If you believe a plan is worthwhile and you have assets you can contribute to it, then charge ahead - even if you still believe in your heart that it can't "win." Remember that history takes unexpected turns. What seems impossible today becomes tomorrow's reality. (Who would have predicted in 1988 that freedom seekers would tear down the Berlin Wall with their own hands in 1989? Who would have guessed in 1990 that the Soviet empire would cease to exist by 1991?)

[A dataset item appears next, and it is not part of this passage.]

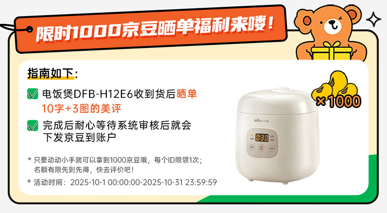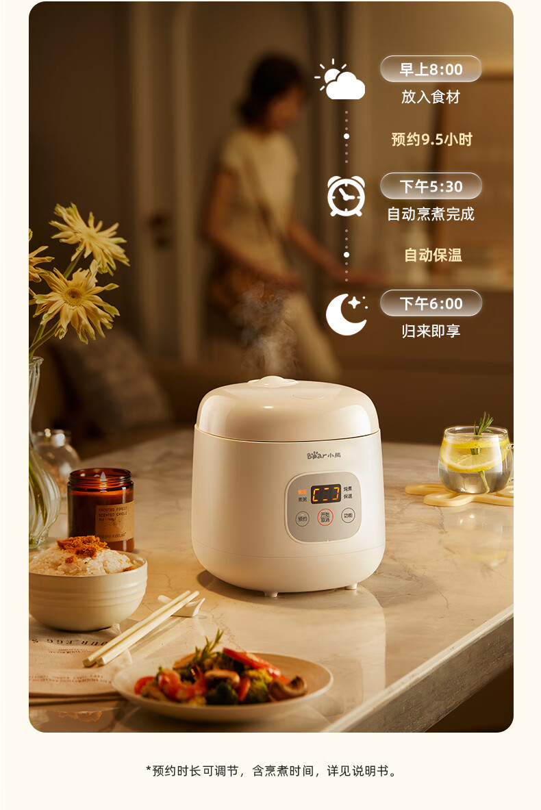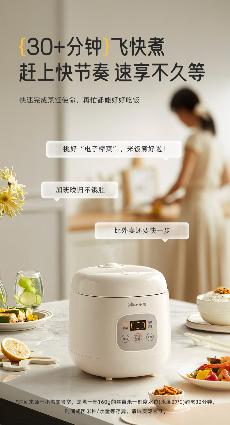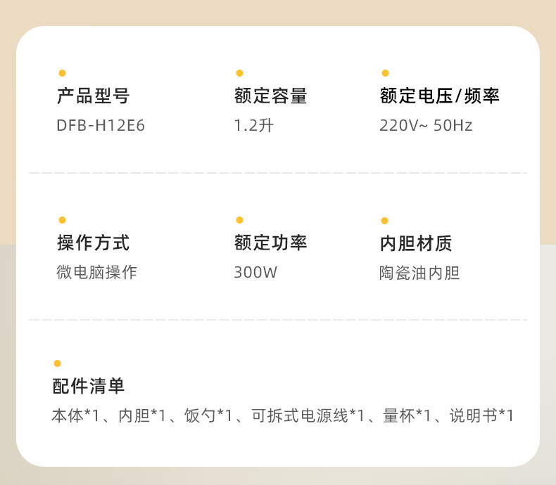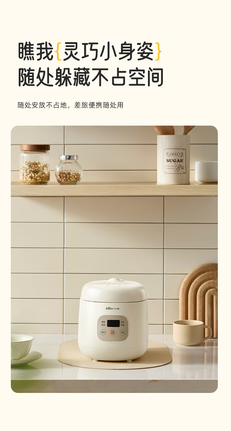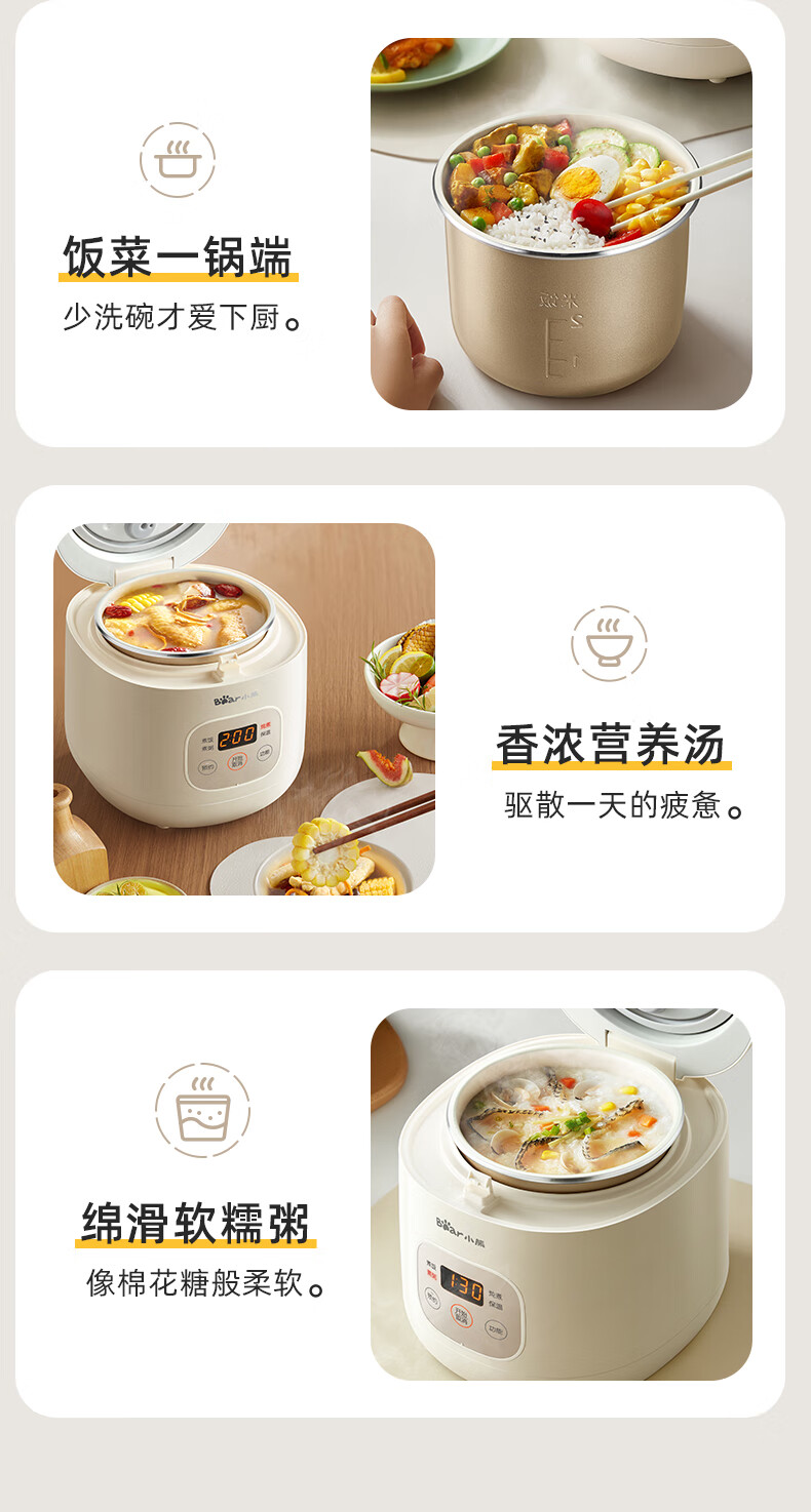 小熊(Bear)电饭煲 电饭锅1-2人用 智能触控多功能不粘锅内胆小型迷你煮饭锅1.2L DFB-H12E6

Understand and accept that even the bravest people have doubts, and that even the best plans can fail. Freedom may be won in a series of small victories. In the strange march into the future, even defeats might help pave the way for later, more hopeful events.
Remember that at the end of your life, "winning" won't count as much as knowing that you, personally, as one courageous, active individual, did your best to protect rights and freedom.
Through everything, never forget that your right to keep yourself alive and free in the face of danger is absolute. A criminal - or a criminal government - can try to kill you. A tyrant can try to take your freedom. But even if the Second Amendment had never been written, or even if it were repealed tomorrow, you would still have the right to preserve your own life.
Victim disarmers may "win" in the court of public opinion, in the media, or in Congress. On the other hand, with enough grassroots power, we may triumph over them. No matter what happens in the outside world, we must never allow victim disarmers to win in our hearts. Despite any law, rule, regulation, executive order, presidential directive, or any amount of propaganda or media opposition, you have a right to stop anyone who comes to try to kill you. You have the right to stop anyone who comes to take your freedom.
In the long run, victim disarmers aim to take both our freedom and our tools for staying alive in a dangerous world. If we cling to Victim Addiction, we've already given our minds to our worst enemies.
If you suffer Victim Addiction, free yourself. You'll live with more gusto and integrity - and you might even change the world.